Теперь она была в самом сердце
– Вышла погулять, деточка? – спросила миссис Томас.
– Да. Иду за папа. Он в мастерской.
– И умница, что гуляешь, утро-то какое славное.
– Да.
– Ну вот, наконец-то началось. – Она протянула Пенелопе плитку шоколада. – Мы объявили войну этим проклятым немцам, мистер Чемберлен сейчас сообщил. – Миссис Томас было шестьдесят лет. Она уже пережила одну мировую войну, так же как отец Пенелопы и миллионы ни в чем не повинных жителей Европы. В 1916 году был убит ее муж, а сейчас сына Стивена уже призвали рядовым в пехотный полк под командованием герцога Корнуэльского. – Так уж, видно, суждено. Нельзя больше оставаться в стороне. Несчастные поляки погибают тысячами.
– Да, конечно.
Пенелопа взяла шоколадку.
– Передай папе привет, деточка. Он в добром здравии, надеюсь?
– Да, спасибо.
– Ну, до свидания, деточка.
– До свидания.
Выйдя на улицу, Пенелопа вдруг сразу замерзла. Ветер разыгрался и насквозь пронизывал ее одежду – легкое ситцевое платье и вязаный жакет. Она развернула шоколадку и откусила. Война… Она подняла глаза к небу, словно ожидая, что в нем уже появились эскадрильи бомбардировщиков, какие она видела в кино: они шли друг за другом, точно волны прибоя, накрывая огнем Польшу. Но в вышине были только быстро летящие облака. Война. Какое странное слово. Как смерть. Чем чаще ты его произносишь, чем глубже вдумываешься, тем дальше от тебя ускользает его смысл. Откусывая шоколад, она шла по узкой мощеной улочке к мастерской Лоренса Стерна. Сейчас он обнимет ее, а она скажет, что пора домой, мама ждет к обеду и просила сегодня не заглядывать в кафе и не пить пиво, и еще она ему скажет, что война все-таки началась.
Мастерская помещалась в старом рыбацком сарае, высоченном, щелястом, с огромным окном на север, из которого открывался вид на полосу берега и море. Давным-давно отец установил здесь большую пузатую печку и вывел через крышу трубу, но, даже когда печка раскалялась, в мастерской все равно было холодно.
Холодно было и сейчас.
Лоренс Стерн не работал уже больше десяти лет, но здесь всюду лежали принадлежности его ремесла, – казалось, он сейчас возьмет кисти и начнет писать. Это были холсты, мольберты, выдавленные наполовину тюбики с красками, палитры с засохшей краской.

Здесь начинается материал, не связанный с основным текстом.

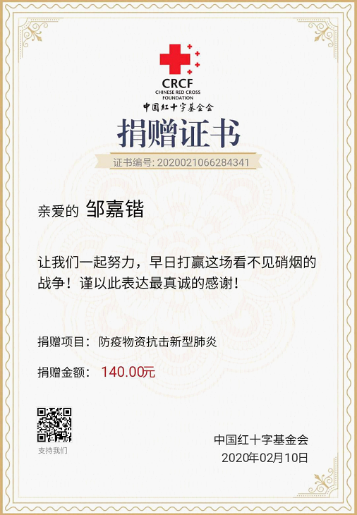 当得知武汉等多地防疫医疗资源紧缺,很多医护人员不顾生命危险依然坚持在防治疫情患者工作一线的消息时,邹嘉锴同学瞒着家人向中国红十字基金会爱心捐款140元,钱数虽然不多,但邹嘉锴同学希望自己的一点爱心能够为广大医护者和疫情患者尽一些绵薄之力。希望广大医护者平安健康,祝愿疫情患者早日康复!

На задрапированном возвышении кресло для натуры, шаткий столик с гипсовой головой мужчины и стопкой старых номеров журнала «Живопись». Запах был такой знакомый, что защемило сердце:
В углу Пенелопа увидела водные лыжи, на которых каталась летом, на стуле лежало забытое полосатое пляжное полотенце. Будет ли еще одно лето, подумала она, понадобятся ли кому-нибудь эти вещи?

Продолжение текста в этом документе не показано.